What needs reproducing is the run of lines in the data below starting at the line with "这个类会扫描所有的jar包,将所有符合条" and ending at the line with "إذَا عرفت ذلك،", both ends included. Copy it exactly, without pictures, and add nothing.

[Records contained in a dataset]
::::::::::

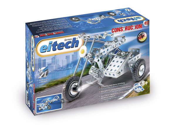 Com este kit de construção em metal, poderá junto com os seus filhos produzir pelo menos três modelos diferentes de motocicletas. O seu filho é apresentado ao mundo da tecnologia de uma forma lúdica com os kits de construção de metal da eitech. Este conjunto é particularmente adequado para iniciantes. O valor educativo dos conjuntos de construção também não deve ser desprezado, uma vez que as habilidades motoras e criativas são treinadas ao mesmo tempo. O desenvolvimento de estruturas de pensamento tridimensionais também é promovido. Por essas razões, os kits de construção em metal eitech também são material didático reconhecido nas escolas e usados nas aulas. Todos os componentes podem ser construídos juntos e expandidos com conjuntos adicionais. Contém 170 peças.
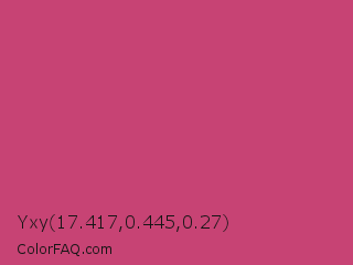 Yxy 17.417,0.445,0.27 Color is a normal rose color and the nearest color is Fuchsia Rose #c74375. Hex code #c74374 and RGB value is rgb(199,67,116). In RGB color space, this color is composed of 78% red, 26% green, 45% blue, In CMYK color space, this color is composed of 0% cyan, 66% magenta, 42% yellow , 22% black , In HSL color space, this color has a hue angle of 338° , 54% saturation and 52% lightness.
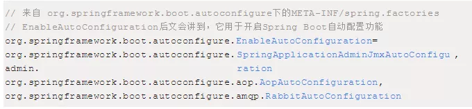 这个类会扫描所有的jar包,将所有符合条件的@Configuration配置类注入的容器中,何为符合条件,看看 META-INF/spring.factories的文件内容:
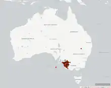 Silky mice are native to Australia, specifically south-eastern Australia (western Victoria).[3] They live in sandy heathlands near plants such as banksias, tea-trees, broombush and mallee eucalypts, which they use to shelter the entrance to their burrows. These mice will dig complex burrows about 2 cm in diameter with multiple tunnels and chambers.[2][3][1] In order to support their heavily herbivorous diet, they need a high plant diversity in their habitat consisting of plants which will bloom and bear fruit throughout the entire year. Silky mice are negatively affected by intensely high temperatures and water shortages.[2]
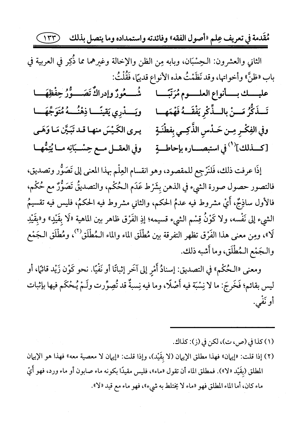 إذَا عرفت ذلك، فَلنَرْجِع للمقصود، وهو انقسام العِلْم بهذا المعنى إلى تَصَوُّر وتصديق، فالتصور حصول صورة الشيء في الذهن بِشَرْط عَدَم الحُكْم، والتصديقُ تَصَوُّرٌ مع حُكْم، فالأول ساذِجٌ، أَيْ مشروط فيه عدمُ الحكم، والثاني مشروط فيه الحكمُ، فليس فيه تقسيمُ الشيء إلى نَفْسه، ولا كَوْنُ قِسْم الشيء قسيمه؛ إذِ الفَرْق ظاهر بين الماهية "لَا بِقَيْدٍ" و"بِقَيْدِ لَا"، ومن معنى هذا الفَرْق تظهر التفرقة بين مُطْلَق الماء والماء المُطْلَق (¬2)، ومُطْلَق الجَمْع والجَمْع المُطْلَق، وما أَشبه ذلك.
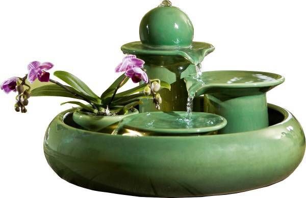 Přidáním vonné esence do bytové fontány vytvoříme atmosféru podle své nálady. Mezi exkluzivní kamenné fontány patří např. pokojová fontána KASUMI. Voda krásně stéká po nasvícené břidlici. Uplatnění nalezne jako působivý bytový nebo kancelářský doplněk. Fontánové pokojové miničerpadlo, čerpává vodu z nádoby a ta stéká zase zpět. Na cirkulaci vody však můžeme také použít akvarijní čerpadla. Tato vodní čerpadla však nejsou ve většině případů vybavena fontánovými tryskami. Osvědčilo se nám čerpadlo King 1, které je dodáváno v několika výkonových verzích s fontánovými nástavci nebo bez nich. Kdo potřebuje k fontánce malé osvětlení, nalezne ho u čerpadel Seliger řady L nebo PondoCompact 300iL. bea20049 Dále nabízíme také pokojové mlžné fontány. Mlhové fontány pracují pomocí mlhovače, který vyvíjí vodní mlhu, takže taková fontána může sloužit jako malý zvlhčovač vzduchu. Nedosahuje však takového efektu jako lékařské přístroje. Tak jako tak jsou pokojové fontány pěkným bytovým doplňkem a vhodným dárkem k různým příležitostem.
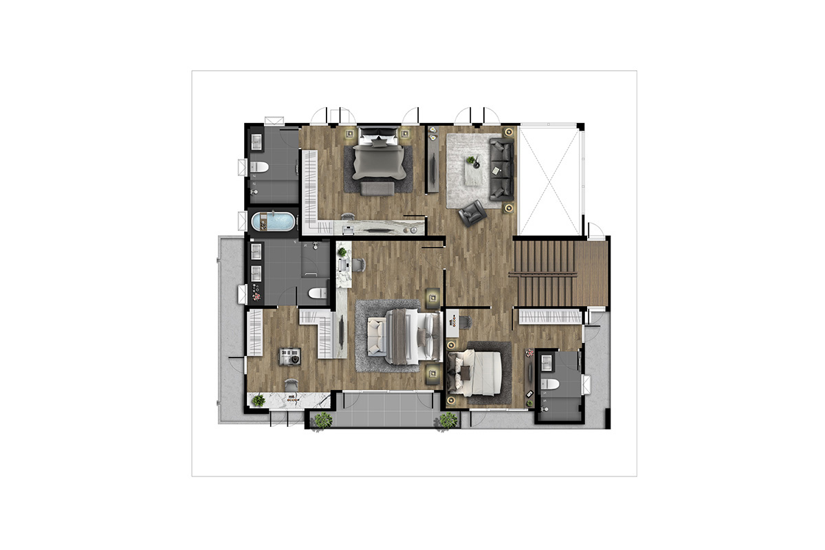 นิวคาสเซิล (Newcastle) แบบบ้าน นิวคาสเซิล (Newcastle) พื้นที่ใช้สอย 155 ตร.ม. 4 ห้องนอน, 3 ห้องน้ำ, 2 ที่จอดรถ 1 ห้องรับแขก, 1 ห้องอเนกประสงค์, 1 ห้องอาหาร, 1 ห้องครัว

::::::::::

- [WRITTEN REPLY]:
 这个类会扫描所有的jar包,将所有符合条件的@Configuration配置类注入的容器中,何为符合条件,看看 META-INF/spring.factories的文件内容:
 Silky mice are native to Australia, specifically south-eastern Australia (western Victoria).[3] They live in sandy heathlands near plants such as banksias, tea-trees, broombush and mallee eucalypts, which they use to shelter the entrance to their burrows. These mice will dig complex burrows about 2 cm in diameter with multiple tunnels and chambers.[2][3][1] In order to support their heavily herbivorous diet, they need a high plant diversity in their habitat consisting of plants which will bloom and bear fruit throughout the entire year. Silky mice are negatively affected by intensely high temperatures and water shortages.[2]
 إذَا عرفت ذلك، فَلنَرْجِع للمقصود، وهو انقسام العِلْم بهذا المعنى إلى تَصَوُّر وتصديق، فالتصور حصول صورة الشيء في الذهن بِشَرْط عَدَم الحُكْم، والتصديقُ تَصَوُّرٌ مع حُكْم، فالأول ساذِجٌ، أَيْ مشروط فيه عدمُ الحكم، والثاني مشروط فيه الحكمُ، فليس فيه تقسيمُ الشيء إلى نَفْسه، ولا كَوْنُ قِسْم الشيء قسيمه؛ إذِ الفَرْق ظاهر بين الماهية "لَا بِقَيْدٍ" و"بِقَيْدِ لَا"، ومن معنى هذا الفَرْق تظهر التفرقة بين مُطْلَق الماء والماء المُطْلَق (¬2)، ومُطْلَق الجَمْع والجَمْع المُطْلَق، وما أَشبه ذلك.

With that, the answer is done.